What is Blockchain Security?

Remind yourselves what blockchain is. Blockchain is a distributed ledger (DLT) designed to promote organizational trust. A copy has been duplicated across different computer systems so all members (nodes) of that particular chain can view, record and share encrypted transactions.

Blockchain technology organizes data in "blocks", or groups of information. Each block holds specific amounts before being linked with previous full blocks to form a data chain. Blockchain security is an integrated risk management solution that incorporates assurance services, cybersecurity frameworks and best practices into an overall approach to decrease cyber attacks and fraud risks.

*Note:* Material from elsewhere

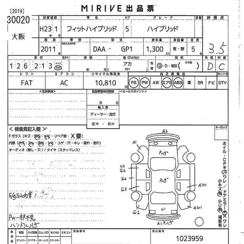 Honda FIT с аукциона Японии MIRIVE Osaka лот № 30020

Blockchain data structures possess inherent security features due to their combination of consensus, cryptography and decentralization. Since each new block connects directly to previous blocks, it becomes virtually impossible for an alteration to occur between blocks. A consensus mechanism of authorized users who validate all transactions within a block ensures that transactions are accurate and true - this guarantees there's no single point of failure. In contrast, users cannot alter transaction records.

Blockchain security goes far beyond its intrinsic features. Here's why.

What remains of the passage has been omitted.